I posted this question to Eater after reading a Eater post concering Cory Lee creating a restaurant where the concept is to present dishes from famous restaurants and chef's around the world:
No doubt that San Francisco Bay Area is a food Mecca. People flock here to eat, kids drop out of school to cook here, young chef’s dream of making it big here. There is no argument there! Has this lead to a state of stale in the food scene? Alice Water introduced us to farm-to-table culture. The word became so popular that it’s now shunned and left the chef’s vocabulary. In its place has come many new generic culinary terms. Is/has the tech invasion brought a similarity to food that’s left creativity behind? I eat out about 10 times a month, sometimes more and I’ve noticed over the last few years menu’s using the same ambiguous wording, plating that looks the same, and chef’s themselves looking the same!

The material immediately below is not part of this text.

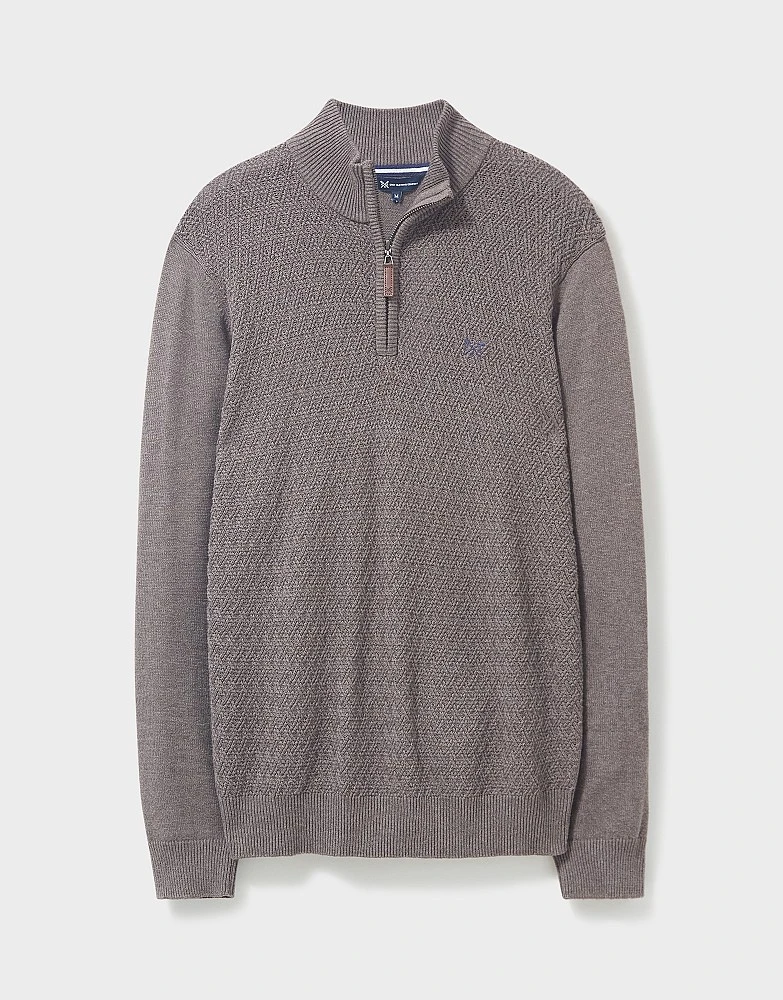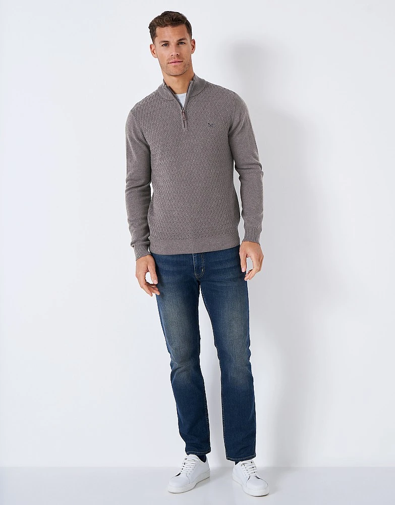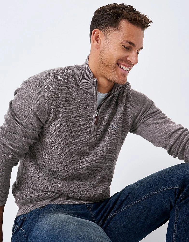 A half zip knit in taupe. In a muted hue with a textured stitch, this jumper is smart and sophisticated. We particularly like it paired with a denim shirt and dark jeans. Timeless.

I’m in the industry so perhaps I have an insider’s POV. I am seeing the death of food culture rather than the birth of something new. Trends kill creativity rather than the popular belief that it enhances it.
Is anyone at Eater thinking about this? Perhaps studying it?
I've been thinking a lot about this over the past serveral months. Working in the industry obviously affords me to see the business quite differently than diners, but I see this "sameness" damaging creativity not fueling more.
Any thoughts on this? Anyone else thinking along these lines?